By the way having the rent in escrow also protects the Tenant because when the court’s order is that the Landlord owes, let’s says, 30% of the rent to the tenant because of “poor conditions” and he is entitled to the remaining 70%, the tenant is given (according to current law MGL 239, 8A) one week to come up with the 70% or they become homeless. Since the rent was never escrowed most tenants can’t come up with it. So Mandatory Rent Escrow actually can help preserve the tenancy. That point is missed by most Landlord and Tenant Advocates.

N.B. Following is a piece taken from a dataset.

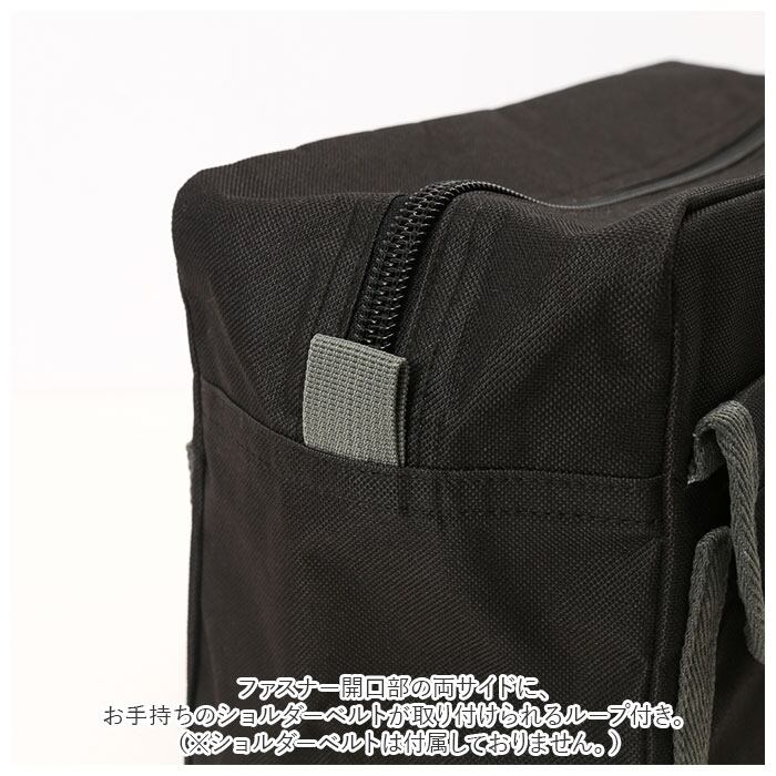・ファスナー開口部の両サイドに、お手持ちのショルダーベルトが取り付けられるループ付き。(※ショルダーベルトは付属しておりません。)
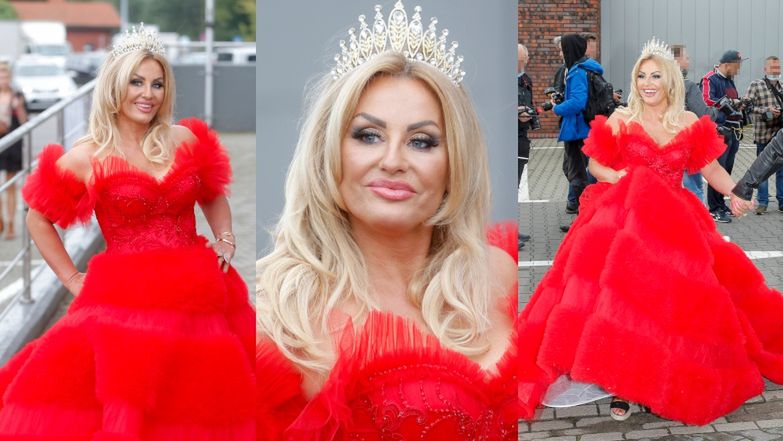 Ramówka TVN. Dagmara Kaźmierska zamiata chodnik w królewskiej sukni i z KORONĄ NA GŁOWIE (ZDJĘCIA)

Another question that was raised was “Doesn’t Mandatory Rent Escrow deprive tenants of their due process rights?”. The answer is “No”. Tenants still have the right to call the Health Board and poor conditions documented and they still can have their day in Court. The only thing that changes is that they need to demonstrate that they have the rent in a safe place. They are supposed to have the rent to begin with. We are simply asking that they prove that they have the rent to make sure they did not call the Health Board in Bad Faith, Retaliation or because they don’t have the rent. About 95% of all calls to the Health Boards are made in Bad Faith and about 50% of all Housing Court cases are caused by these calls.

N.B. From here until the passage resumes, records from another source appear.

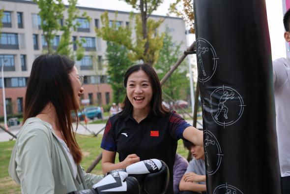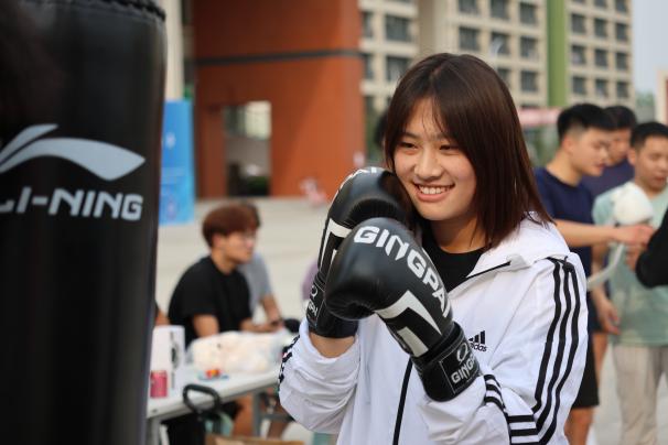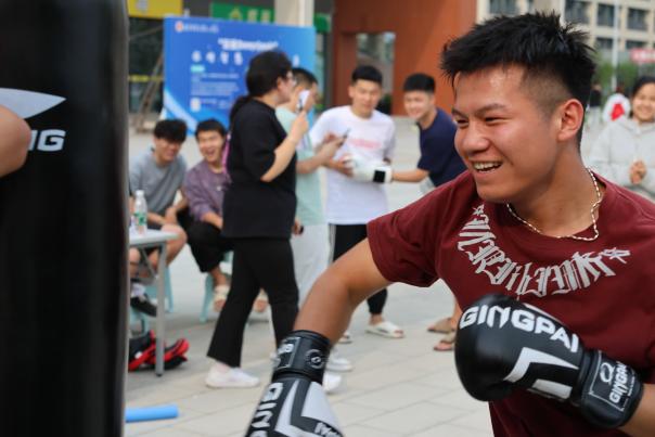 本次活动由“愤怒节奏拳击”和“发泄情绪打靶”作为开场热身活动,现场拳击教练宋方老师指导学生带上拳击手套,通过击打沙袋和击打手靶的方式引导学生释放愤怒和负面情绪。
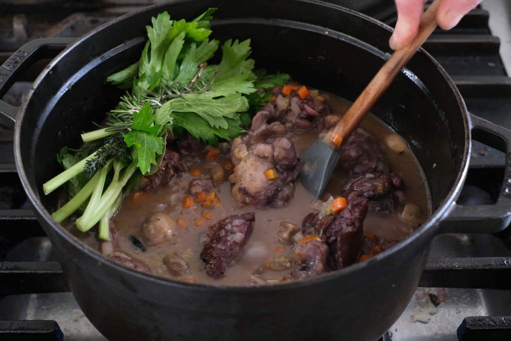 今回のもう一つの主役「ワイン」。ブルゴーニュ料理ゆえに、ブルゴーニュのものを使うのがいちばんですが、特にこだわらなくても大丈夫です。ただし、ワインの味が料理に影響するのは間違いないので、ここはご自身の好きな赤ワインで作るのはいかがでしょう。店ではアルコールが苦手なかたでもおいしくめしあがっていただけるように、味わいの深いものと軽めのものを混ぜて使って調整しています。
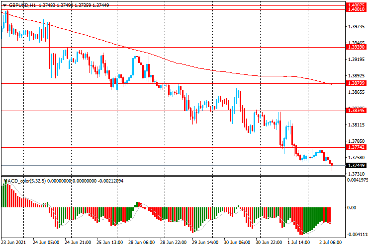 GBP/USD: пара торгуется в основном со снижением с $1.3775 до $1.3735 - около десятинедельного минимума.

And finally the question was raised “If tenants cannot withhold rent, wouldn’t landlords lose motivation to repair?” Well, tenants can still withhold rent and they can still use some of the withheld rent to repair (provided they can produce the required receipts later). The difference is that they can withhold but they cannot spend the rent on anything other than repairs (like food and utilities, for example, as they are doing now). This money does not belong to them to spend it. It belongs to the landlord until a judge says otherwise. Landlords have due process rights too (not that anyone cares about it (:) Landlords will not lose motivation because they want to get as much of the escrowed rent as possible. The longer they delay the repairs, the less they will get not to mention if they ignore the Health Report completely they can be found negligent and owe the tenants three rents.
Rep. Honan politely listened to what I had to say, asked several questions, but he did not answer mine. He kept giving me the same lame answer “We are studying the issues and listening to all sides…”
I have to say – at least we know one thing: If this bill does not come out of this Committee this year then it will never come out until the Committee gets new Chairs.